Initial results were expected Thursday in Liberia’s landmark presidential poll, the country’s first democratic transfer of power in decades, pitting former footballer George Weah against Vice President Joseph Boakai. Whoever wins will succeed Africa’s first elected female head of state, Ellen Johnson Sirleaf, who took over at the helm of the small west African nation in 2006. Sirleaf’s predecessor Charles Taylor fled the country in 2003, hoping to avoid prosecution for funding rebel groups in neighbouring Sierra Leone, while two presidents who served prior to Taylor were assassinated. The tumultuous events of the past seven decades in Liberia, where an estimated 250,000 people died during back-to-back civil wars between 1989-2003, means a democratic handover has not taken place since 1944.

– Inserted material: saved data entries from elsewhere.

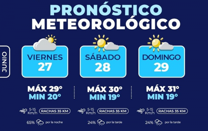 Para este sábado, se anticipa una máxima de 30°C y mínima de 19°C, con cielo parcialmente nublado; y finalmente, para este domingo se esperan máximas de 31°C, mínimas de 19°C, cielo parcialmente nublado, así como un 24 por ciento de probabilidad de lluvia para ambos días.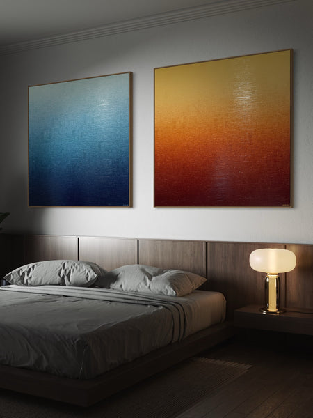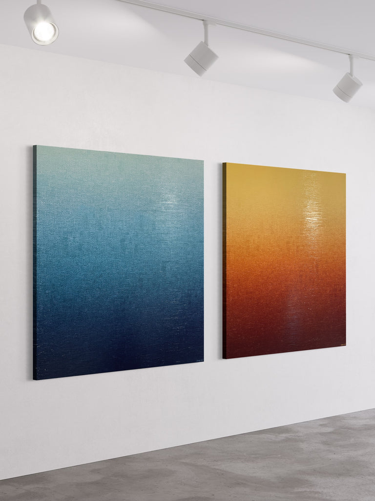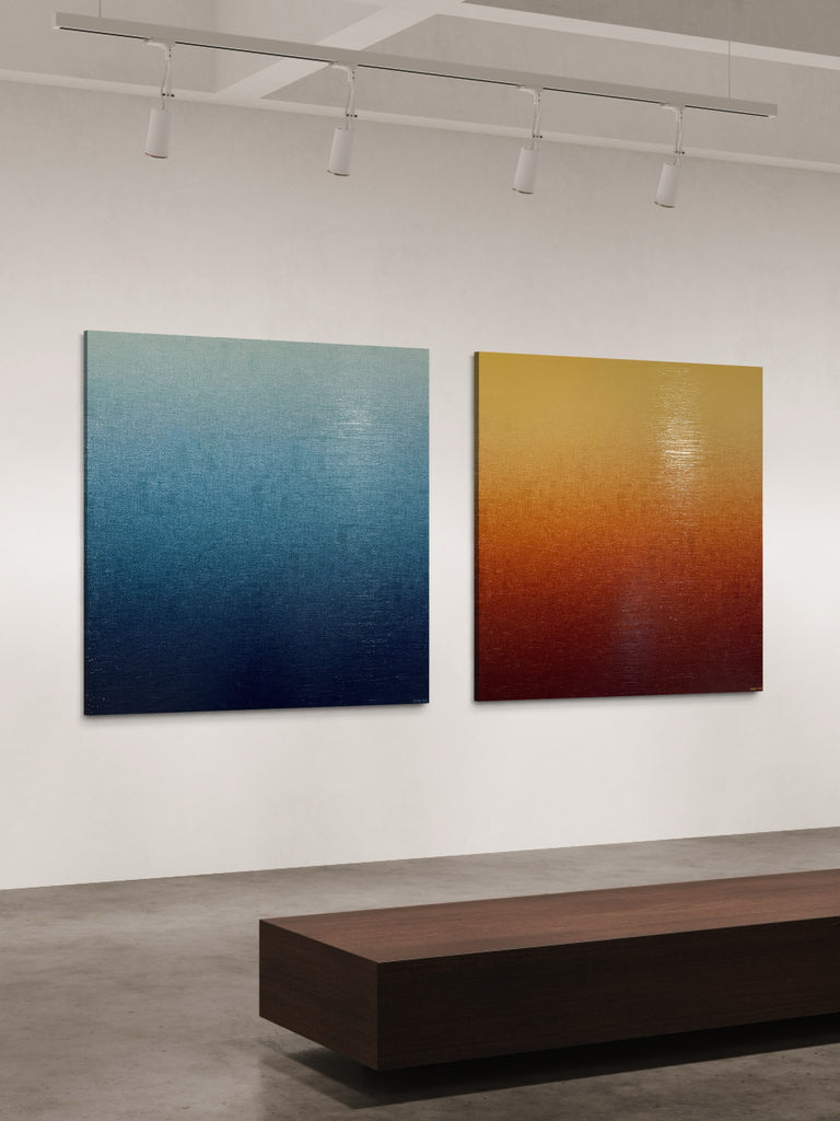 'Ambient Morocco' and 'Ambient Seas' - 127cm squ each / 50" squ each- mixed media on canvas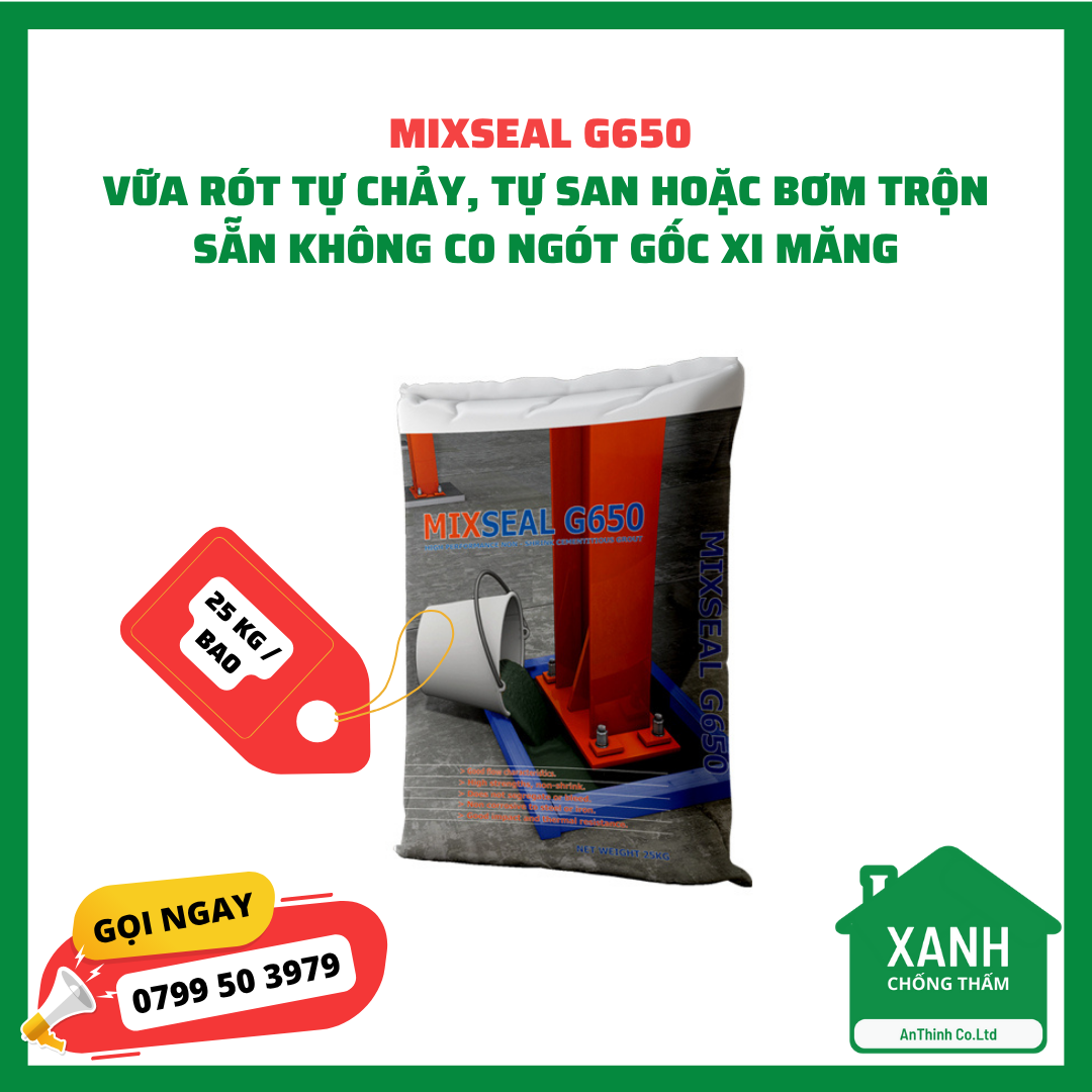 Mixseal G650 là vữa rót tự chảy, tự san hoặc bơm trộn sẵn không co ngót gốc xi măng. Thành phần chính là xi măng Portland cùng với cốt liệu tự nhiên có chọn lọc và các loại phụ gia bù co ngót. Vữa có khả năng tăng nhanh cường độ, kiểm soát được sự giãn nở, không độc hại, thân thiện với môi trường và có hiệu quả kinh tế cao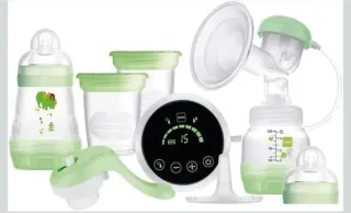 Sacaleches eléctrico de la marca MAM, ideal para la extracción de leche materna. Incluye varios accesorios para facilitar su uso y almacenamiento. - Diseño ergonómico. - Pantalla digital. - Varios niveles de intensidad. - Incluye biberón y recipientes de almacenamiento. - Modo eléctrico y manual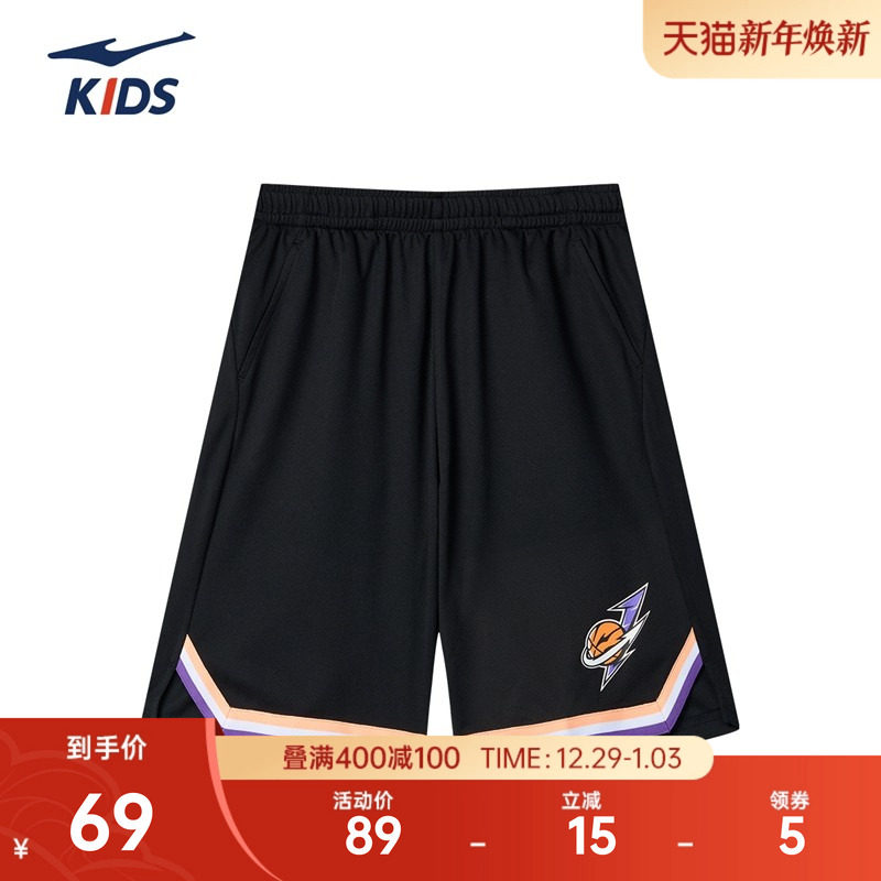 鸿星尔克儿童短裤男童2025冬季新款百搭速干五分裤中大童运动短裤

“No matter the results, we will accept it without causing problems. We don’t need trouble here anymore,” said Samuel Nuahn, 46, who voted for establishment candidate Boakai in Tuesday’s run-off.
Initial provisional results of the ballot were due later in the day, the National Electoral Commission (NEC) said on Facebook, without providing further details on timing.
Local media said Weah, who topped the first round of voting in October with 38.4 percent of ballots but failed to win the 50 percent necessary to avoid a run-off, was ahead.